Environment
- Red Hat Enterprise Linux release 8.7 (Ootpa)
- 4.18.0-425.10.1.el8_7.x86_64
- EXT4 filesystem without a journal.
Issue
- IBM Informix Dynamic Server oninit process hanging, resulting in unresponsive/hung database connections due to deadlock on ext4 filesystem mounted without a journal.
- IBM Informix Dynamic Server oninit process blocked with the following call traces.
[428617.156430] INFO: task oninit:4327 blocked for more than 120 seconds.
[428617.156431] Not tainted 4.18.0-425.10.1.el8_7.x86_64 #1
[428617.156433] "echo 0 > /proc/sys/kernel/hung_task_timeout_secs" disables this message.
[428617.156433] task:oninit state:D stack: 0 pid: 4327 ppid: 4300 flags:0x00004084
[428617.156436] Call Trace:
[428617.156437] __schedule+0x2d1/0x860
[428617.156439] ? blk_flush_plug_list+0xd7/0x100
[428617.156441] schedule+0x35/0xa0
[428617.156443] ext4_unwritten_wait+0x87/0xc0 [ext4]
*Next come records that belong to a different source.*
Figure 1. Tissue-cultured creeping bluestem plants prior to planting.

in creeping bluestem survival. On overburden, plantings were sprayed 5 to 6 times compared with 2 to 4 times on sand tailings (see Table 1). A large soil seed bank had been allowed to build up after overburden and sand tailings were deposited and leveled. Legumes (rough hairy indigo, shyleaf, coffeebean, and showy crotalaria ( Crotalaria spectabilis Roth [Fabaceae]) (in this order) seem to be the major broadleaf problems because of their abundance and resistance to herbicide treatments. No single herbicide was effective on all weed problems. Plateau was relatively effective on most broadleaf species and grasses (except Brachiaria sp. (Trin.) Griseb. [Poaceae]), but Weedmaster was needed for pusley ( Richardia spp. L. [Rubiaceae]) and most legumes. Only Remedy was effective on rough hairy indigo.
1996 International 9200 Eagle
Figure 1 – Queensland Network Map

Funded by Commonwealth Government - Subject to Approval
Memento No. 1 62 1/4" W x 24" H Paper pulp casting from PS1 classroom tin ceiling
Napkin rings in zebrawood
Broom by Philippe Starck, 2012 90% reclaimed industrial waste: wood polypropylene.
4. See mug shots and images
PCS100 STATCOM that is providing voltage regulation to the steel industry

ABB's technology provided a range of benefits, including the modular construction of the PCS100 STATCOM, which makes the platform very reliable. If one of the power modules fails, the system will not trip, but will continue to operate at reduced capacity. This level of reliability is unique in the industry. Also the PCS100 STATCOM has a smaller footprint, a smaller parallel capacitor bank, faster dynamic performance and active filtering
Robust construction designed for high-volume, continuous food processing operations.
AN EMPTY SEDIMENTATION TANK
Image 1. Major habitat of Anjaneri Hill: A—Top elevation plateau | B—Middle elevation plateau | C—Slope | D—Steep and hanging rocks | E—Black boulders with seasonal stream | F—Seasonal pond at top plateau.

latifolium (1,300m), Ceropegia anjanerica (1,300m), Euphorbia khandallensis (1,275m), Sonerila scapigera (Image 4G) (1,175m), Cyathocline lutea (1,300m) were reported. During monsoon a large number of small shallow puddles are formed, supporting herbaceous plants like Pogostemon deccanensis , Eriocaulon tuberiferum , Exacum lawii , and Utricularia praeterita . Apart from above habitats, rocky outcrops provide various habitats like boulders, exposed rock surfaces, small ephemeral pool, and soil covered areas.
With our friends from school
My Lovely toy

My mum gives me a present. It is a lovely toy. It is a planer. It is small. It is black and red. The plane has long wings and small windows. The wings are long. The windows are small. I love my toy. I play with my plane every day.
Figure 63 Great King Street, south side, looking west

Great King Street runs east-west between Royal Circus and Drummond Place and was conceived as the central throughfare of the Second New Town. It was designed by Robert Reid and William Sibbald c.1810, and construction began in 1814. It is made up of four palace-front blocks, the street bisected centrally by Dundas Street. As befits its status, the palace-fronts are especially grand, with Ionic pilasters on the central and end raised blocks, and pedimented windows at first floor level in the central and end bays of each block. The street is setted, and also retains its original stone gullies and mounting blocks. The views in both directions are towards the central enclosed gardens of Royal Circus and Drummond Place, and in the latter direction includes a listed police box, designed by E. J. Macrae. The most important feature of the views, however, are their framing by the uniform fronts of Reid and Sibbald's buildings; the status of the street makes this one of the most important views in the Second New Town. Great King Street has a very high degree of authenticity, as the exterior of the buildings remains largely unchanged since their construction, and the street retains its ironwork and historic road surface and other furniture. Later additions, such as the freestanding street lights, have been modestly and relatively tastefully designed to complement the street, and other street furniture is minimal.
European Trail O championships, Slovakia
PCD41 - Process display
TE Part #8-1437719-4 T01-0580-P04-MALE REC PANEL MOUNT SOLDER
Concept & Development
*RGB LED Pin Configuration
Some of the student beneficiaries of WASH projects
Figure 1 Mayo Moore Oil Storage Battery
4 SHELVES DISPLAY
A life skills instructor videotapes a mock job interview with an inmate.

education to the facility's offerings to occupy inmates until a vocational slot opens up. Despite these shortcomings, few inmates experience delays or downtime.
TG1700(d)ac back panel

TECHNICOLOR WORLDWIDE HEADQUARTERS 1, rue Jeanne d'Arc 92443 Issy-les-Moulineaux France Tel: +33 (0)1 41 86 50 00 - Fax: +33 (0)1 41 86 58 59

[428617.156460] ? finish_wait+0x80/0x80
[428617.156462] ext4_file_write_iter+0x396/0x3e0 [ext4]
[428617.156478] aio_write+0xf6/0x1c0
[428617.156480] ? blk_mq_sched_insert_requests+0x6c/0xf0
[428617.156483] ? io_submit_one+0x7e/0x3c0
[428617.156484] ? kmem_cache_alloc+0x13f/0x280
[428617.156486] io_submit_one+0x131/0x3c0
[428617.156488] __x64_sys_io_submit+0xa2/0x180
[428617.156489] ? syscall_trace_enter+0x1ff/0x2d0
[428617.156492] do_syscall_64+0x5b/0x1b0
[428617.156494] entry_SYSCALL_64_after_hwframe+0x61/0xc6
[428617.156497] RIP: 0033:0x7fd1d50409bd
[428617.156499] Code: Unable to access opcode bytes at RIP 0x7fd1d5040993.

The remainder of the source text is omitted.